Wendel prêt à céder à la famille Bertarelli la totalité de sa participation dans Stallergènes

La société d’investissement compte réaliser une plus-value de 300 millions d’euros en vendant 46 % du capital, pour 59 euros par action
Antoine Duroyon

Wendel va se délester de Stallergènes. La holding cotée a reçu une offre ferme d’Ares Life Sciences pour l’ensemble de sa participation dans le laboratoire biopharmaceutique, soit 45,87% du capital et des droits de vote. Le président du directoire de Wendel s’est déclaré satisfait du prix proposé par la société d’investissement fondée et financée par la famille Bertarelli, à savoir 59 euros par action. Le titre Stallergènes a clôturé hier en hausse de 1,88% à 64,50 euros. Ares Life Sciences lancera ensuite une offre sur le solde des actions en circulation, au même prix. «Ares Life Sciences est le meilleur actionnaire pour un développement américain», a commenté Frédéric Lemoine lors d’une conférence téléphonique, en référence notamment au projet de commercialisation outre-Atlantique d’Oralair, un comprimé d’immunothérapie aux pollens de graminées. Wendel, par l’intermédiaire de sa filiale Oranje-Nassau, et Ares Life Sciences sont entrés dans une période d’exclusivité en vue de finaliser la transaction.

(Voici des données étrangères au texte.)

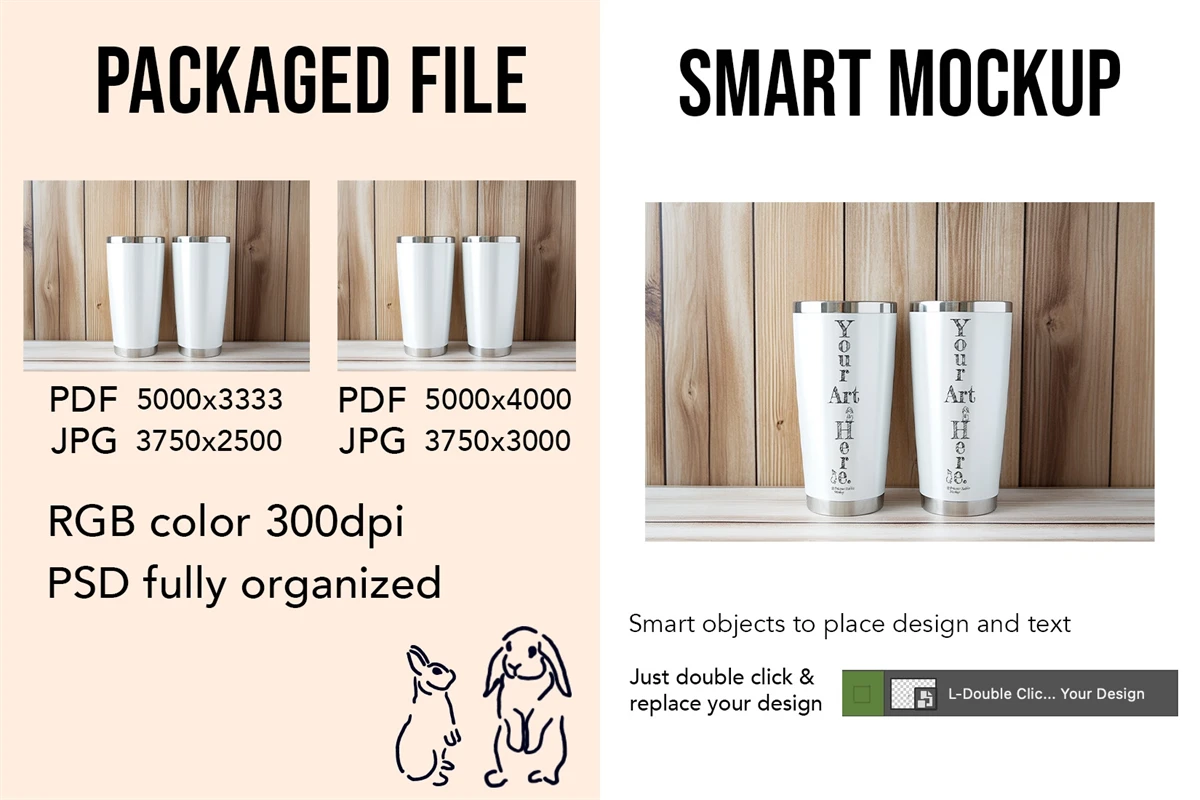 Tumbler mockup with Photoshop (PSD) template for drawing design, pattern, svg, art and graphic designs.

L’opération annoncée hier soir, qui représente un produit de cession de 358,8 millions d’euros, vient clôturer une relation de près de 17 ans hautement fructueuse. En 1994, Wendel prend le contrôle pour 9,1 millions d’euros d’une société qui ne réalise encore que 20 millions d’euros de chiffre d’affaires (contre 193 millions en 2009 pour un bénéfice net de 22 millions). La holding réinvestit ensuite 2,6 millions d’euros dans les années qui suivent. Lorsque Stallergènes entre en Bourse en 1999, Wendel retire 34,6 millions d’euros de l’opération, puis 19,3 millions d’euros sous forme de dividendes par la suite.

Au bout du compte : la holding entend réaliser 35 fois son investissement, dégager une plus-value d’environ 300 millions d’euros et un taux de rendement interne de 40% par an. «L’important est de réaliser cette plus-value et de le faire en assurant la pérennité du projet industriel», a justifié Frédéric Lemoine, rappelant le succès de la famille Bertarelli avec Serono.

Après l’opération sur Legrand au mois de septembre et dans l’hypothèse de dividendes éventuels à retirer de la cotation de Saint-Gobain Conditionnement, la holding notée «BB-» par Standard & Poor’s, continue à saisir les opportunités dans la perspective d’un allégement de sa dette. A l’issue de la cession des titres Legrand, la dette nette atteignait 4,9 milliards d’euros.